On Saturday night, November 17, after being largely shuttered for the past quarter century, the State re-opens as a daily movie house with a gala dinner and a showing of the “Kite Runner.” As in all of his other work, the vision and the details of the renovation are all about Moore. He commissioned Glenn Wolff, a renowned Traverse City artist, to paint two murals depicting the State and its predecessor, the Lyric Theater, from early in the 20th century. The floor of the entrance way is white, black, and red inch-square tile. In the main theater he’s hung draping gold and red curtains alongside Romanesque columns to improve the acoustics. The balcony was significantly enlarged. And patrons can lean way back in their red Greystone theater seats to gaze on a fiber optic ceiling, designed by a local astronomer, that is a replica of the Milky Way over northern Michigan. 

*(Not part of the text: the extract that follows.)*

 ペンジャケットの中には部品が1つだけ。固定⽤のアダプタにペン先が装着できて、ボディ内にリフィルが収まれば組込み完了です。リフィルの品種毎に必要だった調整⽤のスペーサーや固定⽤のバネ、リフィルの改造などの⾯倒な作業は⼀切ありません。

Anybody who’s ever worked with Moore know of his enormous energy, fealty to the public interest, and considerable devotion to his own personal narrative. It’s all worked beautifully.  A native Michiganian, he ran as an 18-year-old and won a seat on the Davison School Board which made him the youngest elected officials in the state at the time. His entrepreneurial career in letters — he founded the weekly alternative Flint Voice, serving as its editor for ten years before briefly taking the editor’s post at Mother Jones magazine — was supplanted by a remarkable career in documentary film making in which he and the story he was telling shared top billing. His 1989 breakthrough film about how General Motors and its chairman Roger Smith wrecked Flint was aptly titled “Roger and Me.” It’s the same for the strong political views that have made him a hero of the left and a scourge of the right. It’s an unusual mix of intelligence, confidence, spirit, nerve, ego, and career branding to simultaneously accept an Academy Award, as he did in 2003 for “Bowling for Columbine,” and denounce a “fictitious” invasion and president.

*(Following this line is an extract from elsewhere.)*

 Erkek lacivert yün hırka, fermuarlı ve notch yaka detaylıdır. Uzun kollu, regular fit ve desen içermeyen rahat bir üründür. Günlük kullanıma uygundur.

Still, given all of the towering achievements in film direction, as a best-selling non-fiction author, as a television producer, and as a political figure of international stature, Michael Moore’s most enduring achievement may very well be taking shape on Front Street on the east side of the central business district of a Great Lakes city of less than 15,000 people. 

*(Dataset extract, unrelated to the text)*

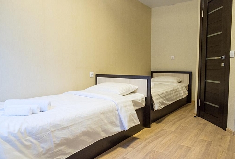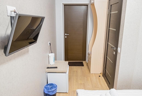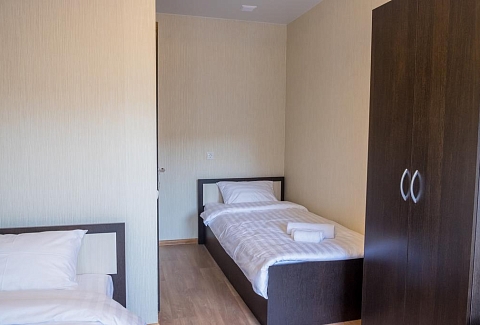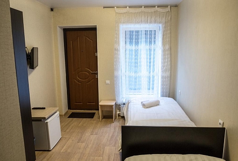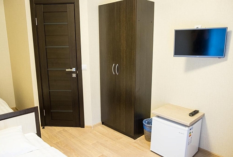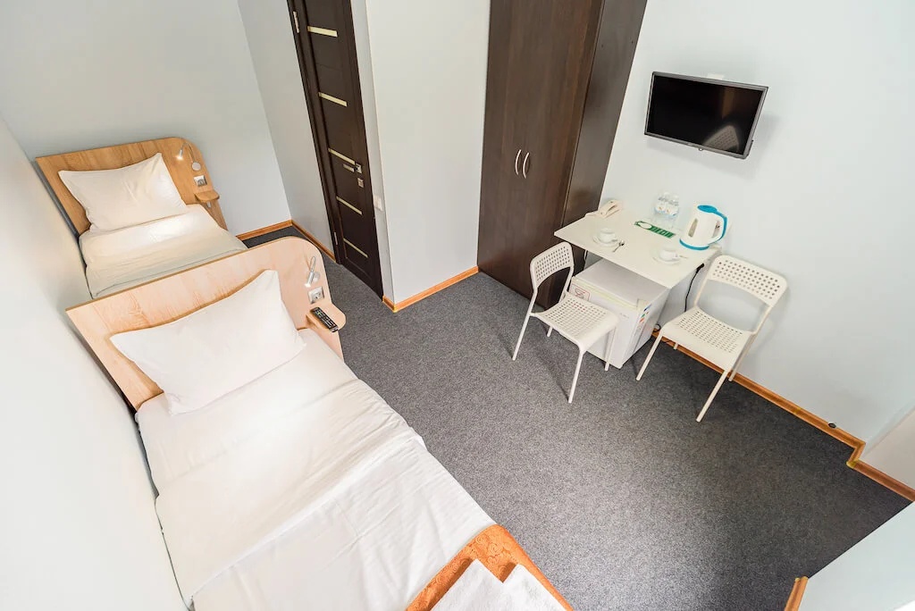 В номере: вешалка, зеркало, кровати односпальные, прикроватные тумбочки, шкаф, гладильная доска, кондиционер, мини-холодильник, телевизор, утюг, чайник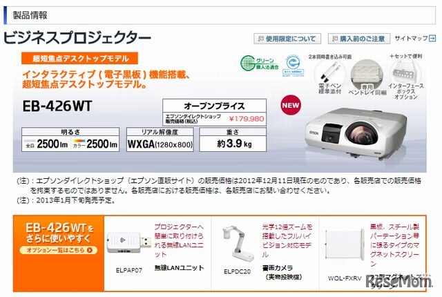 エプソンは、プロジェクターで投写した壁やボードなどの画面上に電子ペンで書き込みができる「電子黒板機能」を備えた「EB-436WT」と「EB-426WT」の2機種を2013年1月24日より発売する。

Ten years ago he and his wife, Kathleen Glynn, built a home in Antrim County, a 40-minute drive from Traverse City. In 2002, Michael and Kathleen moved from New York to become full-time northern Michigan residents. And in 2005, he and two Traverse City natives, best-selling author Doug Stanton (In Harm’s Way), and well-known photographer John Robert Williams (who took the pictures accompanying this post), founded the Traverse City Film Festival. In the spirit of a grand country hoedown, the three recruited hundreds of volunteers to help manage a four-day event at the end of July that attracted 50,000 people. The next year the festival expanded to six days in the first week of August and attracted 70,000 people. Last summer, the festival solidified its position as a don’t miss event in northern Michigan, counting 80,000 admissions.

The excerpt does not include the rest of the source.